━━━━━ Recorded data ━━━━━

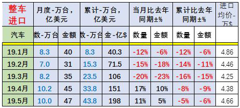 從進(jìn)口額來(lái)看,5月汽車(chē)進(jìn)口額為46.5億美元,同比增長(zhǎng)4.6%;1-5月,汽車(chē)進(jìn)口額為197.2億美元,同比下降6.3%。
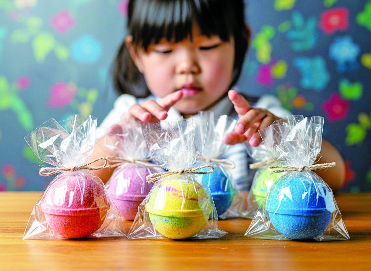 おそうじにも使える重曹とクエン酸。まぜるとシュワシュワ泡のバスボムに! 袋に入れてぎゅっと固めるだけなので、小さなお子さまでも楽しく体験できます
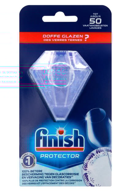 * Le Finish Protector est conçu pour protéger vos verres de la corrosion et votre vaisselle de la décoloration, en conservant leur éclat plus longtemps! * Meilleure protection du verre à 100% * Finish Protector tient jusqu'à 50 lavages * La solution simple pour garder vos verres et votre vaisselle comme neufs * Breveté et conçu en collaboration avec un fabricant de verre. * Protège les décorations et les couleurs de votre vaisselle et de vos couverts. * Finish a vu le jour en 1953 et s'est spécialisé dans les détergents pour lave-vaisselle depuis plus de soixante ans. Aujourd'hui, les produits Finish sont vendus dans plus de 40 pays à travers le monde. Finish est recommandé par les principaux fabricants de lave-vaisselle et de vaisselle. Marque engagée dans la préservation de l'eau, Finish s'efforce de réduire au maximum l'impact écologique de ses produits et de ses emballages. * Mentions de danger : H315, cat. 2 - Provoque une irritation cutanée. H318, cat. 1 - Provoque des lésions oculaires graves. H319, cat.2A – Provoque une sérieuse irritation des yeux. H335, cat. 3 - Peut irriter les voies respiratoires. H400, cat. 1 - Très toxique pour les organismes aquatiques. H410, cat. 1 - Très toxique pour les organismes aquatiques, entraîne des effets néfastes à long terme. * Consignes de sécurité : P101 – En cas de consultation d’un médecin, garder à disposition l’emballage ou l’étiquette. P102 – Tenir hors de portée des enfants. P103 – Avant utilisation, lire attentivement toutes les instructions.

━━━━━

#### Exercise aim
Set down the material above exactly as written, but not the pictures.

#### Response box
 從進(jìn)口額來(lái)看,5月汽車(chē)進(jìn)口額為46.5億美元,同比增長(zhǎng)4.6%;1-5月,汽車(chē)進(jìn)口額為197.2億美元,同比下降6.3%。
 おそうじにも使える重曹とクエン酸。まぜるとシュワシュワ泡のバスボムに! 袋に入れてぎゅっと固めるだけなので、小さなお子さまでも楽しく体験できます
 * Le Finish Protector est conçu pour protéger vos verres de la corrosion et votre vaisselle de la décoloration, en conservant leur éclat plus longtemps! * Meilleure protection du verre à 100% * Finish Protector tient jusqu'à 50 lavages * La solution simple pour garder vos verres et votre vaisselle comme neufs * Breveté et conçu en collaboration avec un fabricant de verre. * Protège les décorations et les couleurs de votre vaisselle et de vos couverts. * Finish a vu le jour en 1953 et s'est spécialisé dans les détergents pour lave-vaisselle depuis plus de soixante ans. Aujourd'hui, les produits Finish sont vendus dans plus de 40 pays à travers le monde. Finish est recommandé par les principaux fabricants de lave-vaisselle et de vaisselle. Marque engagée dans la préservation de l'eau, Finish s'efforce de réduire au maximum l'impact écologique de ses produits et de ses emballages. * Mentions de danger : H315, cat. 2 - Provoque une irritation cutanée. H318, cat. 1 - Provoque des lésions oculaires graves. H319, cat.2A – Provoque une sérieuse irritation des yeux. H335, cat. 3 - Peut irriter les voies respiratoires. H400, cat. 1 - Très toxique pour les organismes aquatiques. H410, cat. 1 - Très toxique pour les organismes aquatiques, entraîne des effets néfastes à long terme. * Consignes de sécurité : P101 – En cas de consultation d’un médecin, garder à disposition l’emballage ou l’étiquette. P102 – Tenir hors de portée des enfants. P103 – Avant utilisation, lire attentivement toutes les instructions.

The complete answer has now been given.